Figure 1. The study area on the island of Schiermonnikoog, the Netherlands (53.29°N, 06.10°E) at different spatial scales.

The points represent GPS fixes of three oystercatchers (green – tag 166, red – tag 167, blue – tag 169; Table S1) from 1 July 2009 to 31 July 2009, with consecutive points connected by lines. The black circles are the nests of these birds. The locations of the observation towers are indicated by a square and the base station by a triangle. Black lines represents creeks, dark grey lines represent urban infrastructure.

Figure 2. A schematic workflow of the different methodological steps conducted in this study.

The workflow is broken down into three main categories of activity shown on the upper bar: Data collection, Data processing and Modelling. The objects in the grey rectangle indicate the aspects involved in building classification models and the objects in the dark grey rectangle indicate application of the classification models for diverse analyses such as calculating time budgets. Ovals indicate data in various formats (files from data loggers, written field forms, etc). Cylinders indicate information that is stored in a database. White rectangles indicate (computational) activities and decisions. Solid arrows present the workflow to move from field data to the establishment and application of a model. Dashed arrows present feed-back loops where a certain part of the workflow is repeated in response to progressive insights (only the most important feed-back loops are shown).
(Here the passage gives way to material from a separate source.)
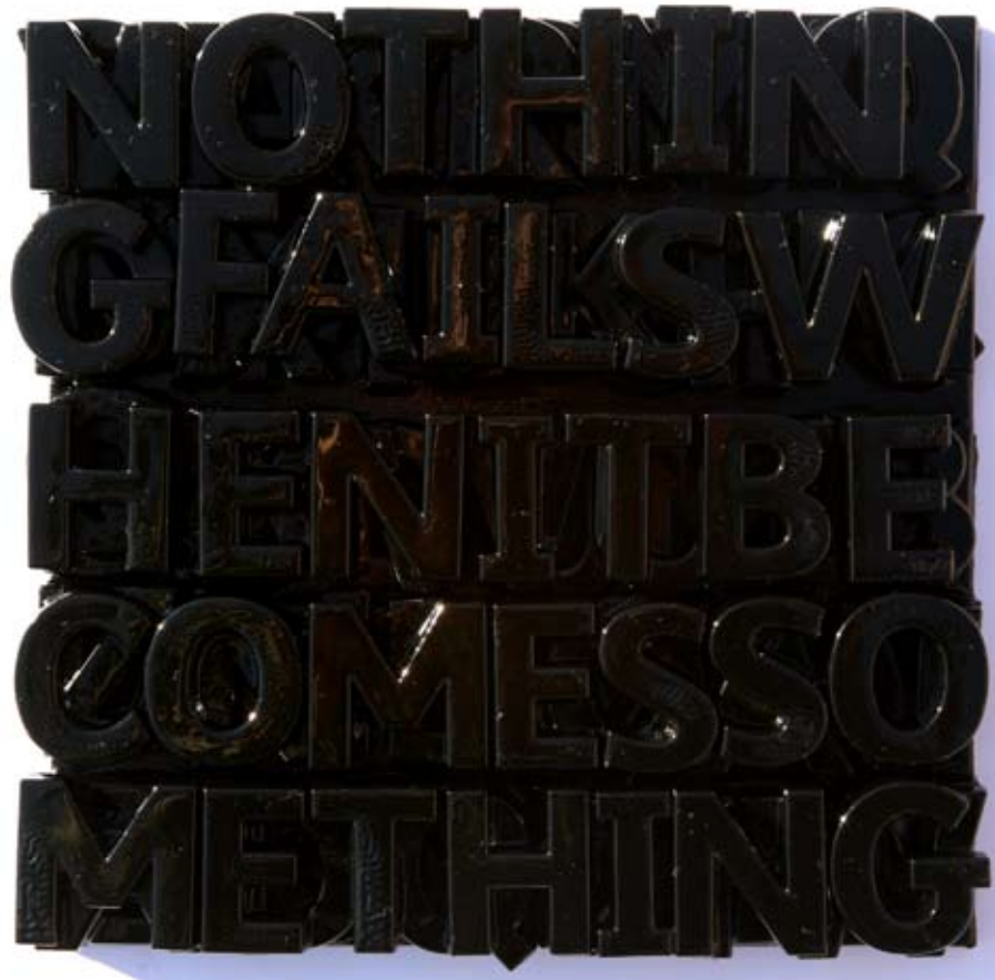
Nothing fails , 2007 bronze 26 x 24cm

Feed-back loops are present from a point after model calibration as well as a point after model evaluation back to the beginning of the modelling sequence (2) or later in the modelling sequence (1). These steps are generalized so that they can be applied to other studies, for example visual observations may be replaced by video observations or expert interpretation of sensor data.

Figure 3. Decision tree and confusion matrix for models S3 and SA3.
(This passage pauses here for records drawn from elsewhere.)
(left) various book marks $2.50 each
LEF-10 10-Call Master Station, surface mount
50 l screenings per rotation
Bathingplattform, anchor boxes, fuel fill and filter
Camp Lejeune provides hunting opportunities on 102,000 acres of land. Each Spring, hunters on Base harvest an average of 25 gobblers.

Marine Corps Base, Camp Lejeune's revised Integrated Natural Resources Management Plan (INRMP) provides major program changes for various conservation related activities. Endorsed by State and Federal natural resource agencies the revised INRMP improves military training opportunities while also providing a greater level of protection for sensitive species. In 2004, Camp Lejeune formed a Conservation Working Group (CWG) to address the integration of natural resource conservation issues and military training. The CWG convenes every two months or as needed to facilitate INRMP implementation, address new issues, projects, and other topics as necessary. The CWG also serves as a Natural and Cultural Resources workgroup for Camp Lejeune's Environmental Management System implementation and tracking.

For model S3 (A) and model SA3 (B), the number of observations correctly classified per behaviour is shown in bold. See Table 2 for a description of the predictor variables. Out of the 702 observations, there were no speed measurements in 7 cases, hence the sample size of 695 for model S3.

Figure 4. Decision tree and confusion matrix for model SA8.
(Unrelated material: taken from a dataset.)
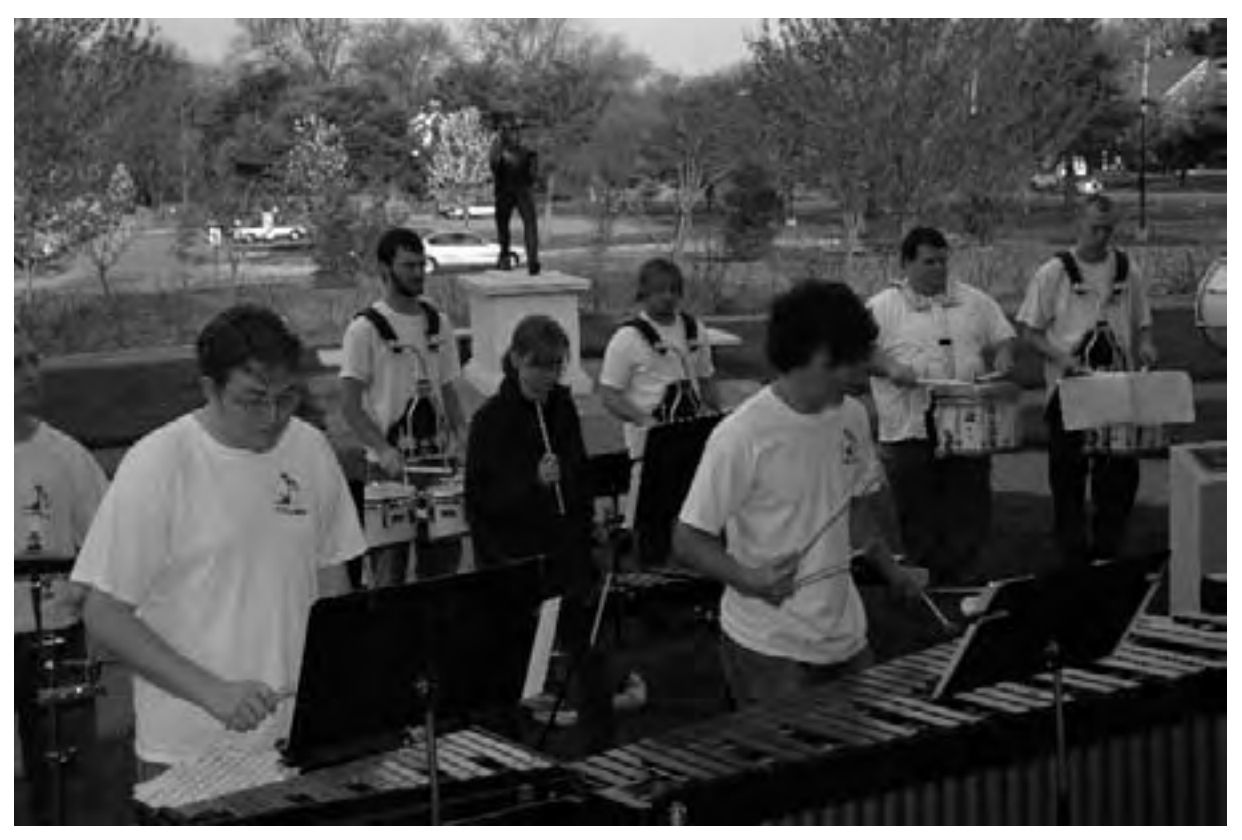
Percussion students serenade a gathering in the Joss Garden at the Bradbury Thompson Alumni Center.

The number of observations correctly classified per behaviour is shown in bold. See Table 2 for a description of the predictor variables.

Figure 5. Examples of behaviours with characteristic signals from dynamic acceleration and static acceleration.

Characteristic signals from dynamic acceleration (A–D) and static acceleration (E–F) are shown. In all panels, acceleration in the surge (X) axis is shown with a continuous grey line, in the sway (Y) axis with a dashed line and in the heave (Z) axis with a continuous black line. Fly and forage (A, B) are especially characterized by high-amplitudes of all dynamic acceleration components, but the frequency of the signals is higher for fly than it is for forage (especially in the Z direction, see dpsZ in Figure 4). Many of the accelerometer signals for foraging are characterized by the alternation between relatively smooth lateral movement (changes in acceleration predominantly in the surge axis) and short bursts of high frequency changes in acceleration in all three axes (e.g. catching prey, at 2.2 s panel B, see also Video S1). The changes in dynamic acceleration for body care (C) are much smaller than for fly and forage, but still considerably higher than for stand and sit (D, see also odbaX and odba in Figure 4). The static acceleration can be used to distinguish sit (E) and stand (F) due to differences in body posture (see pitchX in Figure 4).

Figure 6. Diurnal and nocturnal time budget of one oystercatcher during July 2009, using model SA8 to classify behaviours.

Diurnal (top) and nocturnal (bottom) time budgets for one oystercatcher (logger 169, Table S1) during July 2009, using model SA8 (Figure 4) to classify behaviours. The locations of each behaviour (fly, forage, body care, stand and sit) are presented on the map; the colours of the icons on the map correspond to those in the time budget bar graphs.